DIRECTIONS FOR THIS TASK:
Among the lines below, keep only those from the one containing "2.选工厂,多选实力商家、超级工厂、诚信通会员" through the one containing "パスタやカレーが盛り付けられ", and reproduce them exactly.

━━ TASK MATERIAL ━━

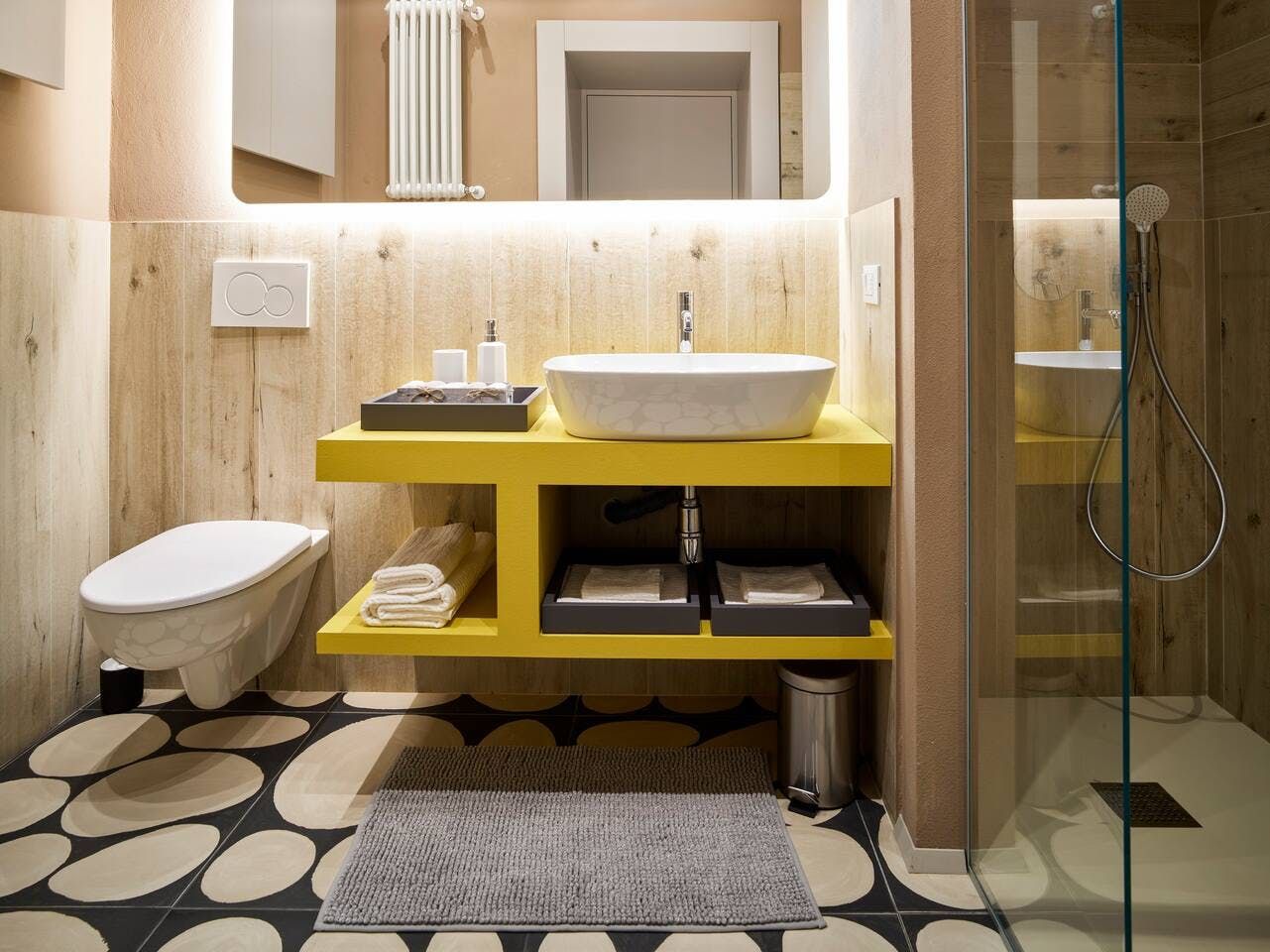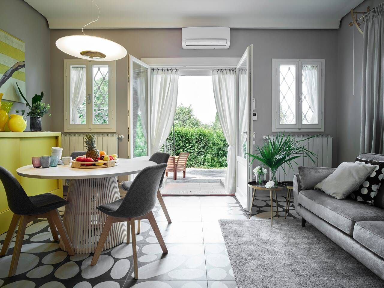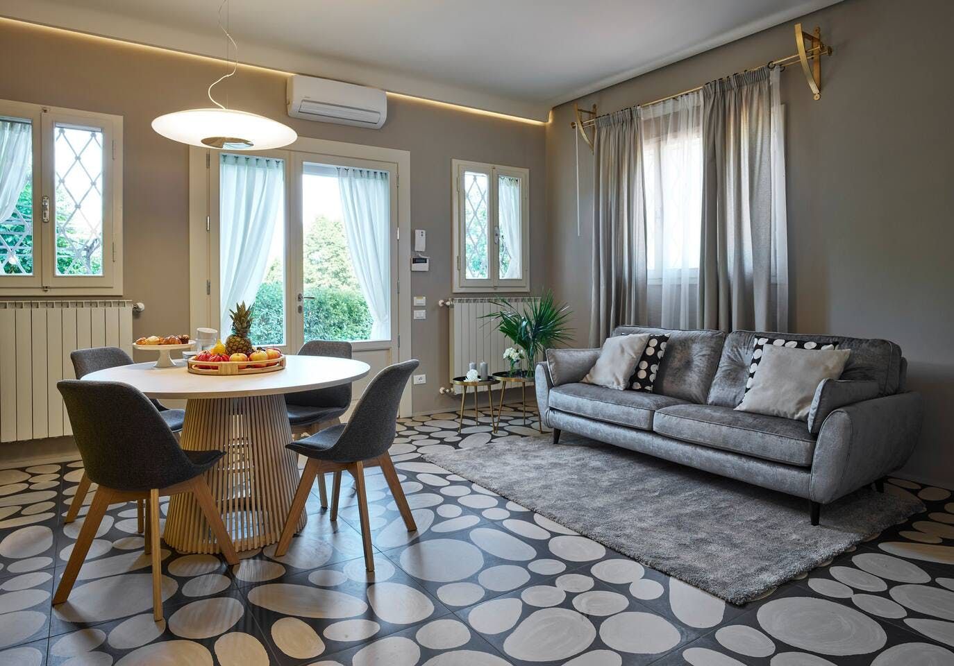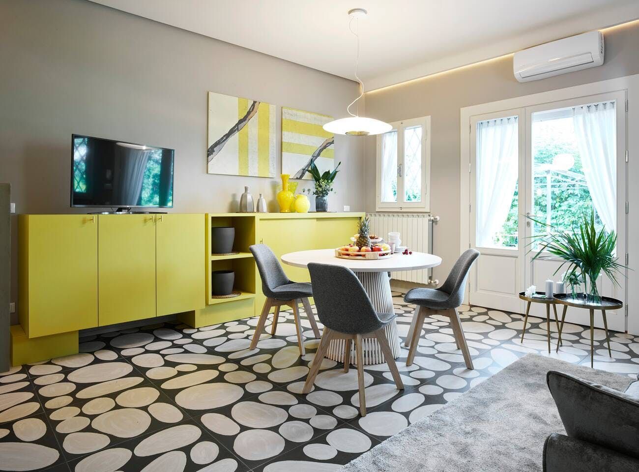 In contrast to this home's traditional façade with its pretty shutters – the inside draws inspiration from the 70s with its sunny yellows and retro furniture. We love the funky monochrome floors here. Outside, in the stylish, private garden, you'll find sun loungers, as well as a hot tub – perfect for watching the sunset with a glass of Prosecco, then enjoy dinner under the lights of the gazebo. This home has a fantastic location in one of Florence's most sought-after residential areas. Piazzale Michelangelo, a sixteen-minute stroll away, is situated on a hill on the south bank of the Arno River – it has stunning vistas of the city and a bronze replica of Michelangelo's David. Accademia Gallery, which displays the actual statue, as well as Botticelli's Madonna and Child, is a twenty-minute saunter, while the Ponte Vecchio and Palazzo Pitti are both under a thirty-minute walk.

━━━
━━ TASK MATERIAL ━━

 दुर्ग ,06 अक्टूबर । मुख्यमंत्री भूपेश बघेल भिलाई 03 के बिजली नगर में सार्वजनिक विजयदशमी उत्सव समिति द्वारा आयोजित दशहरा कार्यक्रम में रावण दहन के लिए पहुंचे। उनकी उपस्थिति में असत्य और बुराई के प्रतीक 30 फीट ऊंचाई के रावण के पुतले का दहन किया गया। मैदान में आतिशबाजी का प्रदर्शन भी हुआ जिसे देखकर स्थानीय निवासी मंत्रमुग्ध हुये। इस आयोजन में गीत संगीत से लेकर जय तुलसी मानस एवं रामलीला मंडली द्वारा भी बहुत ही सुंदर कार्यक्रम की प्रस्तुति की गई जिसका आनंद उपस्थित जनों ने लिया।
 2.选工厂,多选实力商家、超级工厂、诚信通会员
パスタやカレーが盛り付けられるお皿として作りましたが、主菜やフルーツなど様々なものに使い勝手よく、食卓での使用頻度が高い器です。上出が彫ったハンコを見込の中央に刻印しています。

━━━
━━ TASK MATERIAL ━━

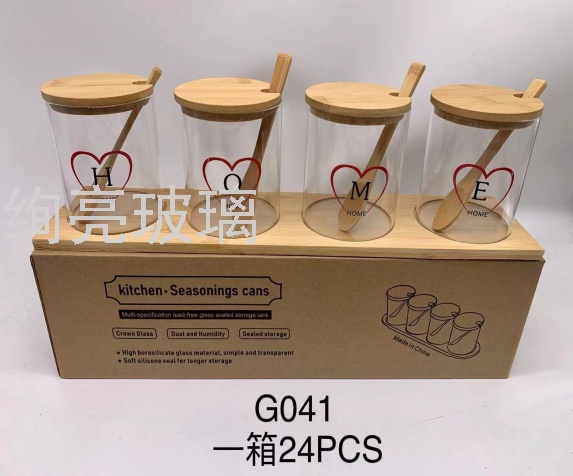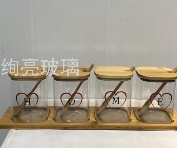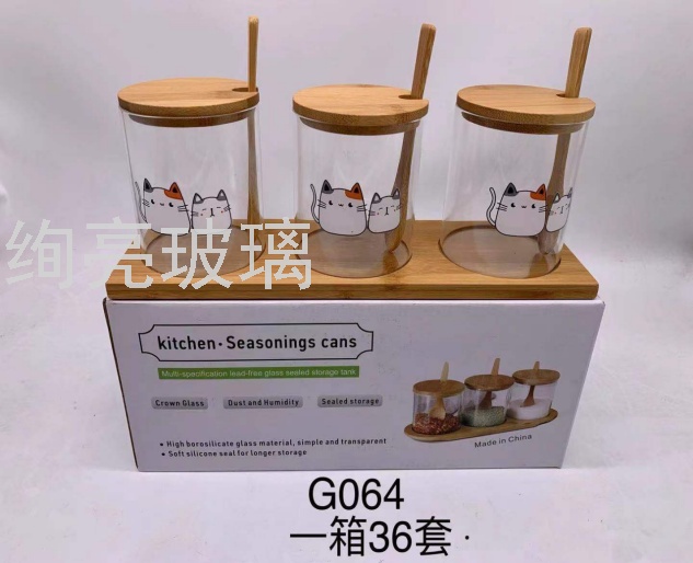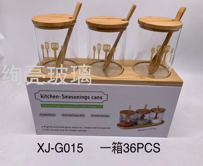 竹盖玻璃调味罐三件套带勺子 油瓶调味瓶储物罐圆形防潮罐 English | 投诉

━━━

OUTPUT FOR THIS TASK:
 2.选工厂,多选实力商家、超级工厂、诚信通会员
パスタやカレーが盛り付けられるお皿として作りましたが、主菜やフルーツなど様々なものに使い勝手よく、食卓での使用頻度が高い器です。上出が彫ったハンコを見込の中央に刻印しています。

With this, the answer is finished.